:: Entries supplied ::
-=-=-=-=-

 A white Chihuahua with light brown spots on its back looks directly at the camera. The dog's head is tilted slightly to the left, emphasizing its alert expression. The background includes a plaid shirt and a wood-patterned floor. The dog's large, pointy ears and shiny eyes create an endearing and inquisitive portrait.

-=-=-=-=-

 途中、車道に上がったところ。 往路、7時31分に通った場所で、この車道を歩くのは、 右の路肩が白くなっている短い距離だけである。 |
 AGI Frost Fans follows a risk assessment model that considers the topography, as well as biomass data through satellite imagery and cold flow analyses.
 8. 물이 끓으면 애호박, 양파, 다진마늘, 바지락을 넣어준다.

-=-=-=-=-

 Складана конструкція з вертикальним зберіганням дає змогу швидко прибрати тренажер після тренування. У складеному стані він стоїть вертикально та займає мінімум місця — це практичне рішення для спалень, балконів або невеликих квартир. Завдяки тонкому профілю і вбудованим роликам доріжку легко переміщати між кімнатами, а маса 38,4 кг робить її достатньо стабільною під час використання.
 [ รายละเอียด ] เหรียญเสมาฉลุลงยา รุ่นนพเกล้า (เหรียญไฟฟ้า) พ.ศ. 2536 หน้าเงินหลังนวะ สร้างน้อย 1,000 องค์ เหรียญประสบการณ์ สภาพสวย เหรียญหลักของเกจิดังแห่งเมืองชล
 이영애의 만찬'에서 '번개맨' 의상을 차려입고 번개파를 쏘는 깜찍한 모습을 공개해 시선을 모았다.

-=-=-=-=-

:: What you need to do ::
Look back at the entries above and repeat, unchanged, every line from the line holding "[ รายละเอียด ]" through the line holding "이영애의 만찬'에서 '번개맨'".

:: Response ::
 [ รายละเอียด ] เหรียญเสมาฉลุลงยา รุ่นนพเกล้า (เหรียญไฟฟ้า) พ.ศ. 2536 หน้าเงินหลังนวะ สร้างน้อย 1,000 องค์ เหรียญประสบการณ์ สภาพสวย เหรียญหลักของเกจิดังแห่งเมืองชล
 이영애의 만찬'에서 '번개맨' 의상을 차려입고 번개파를 쏘는 깜찍한 모습을 공개해 시선을 모았다.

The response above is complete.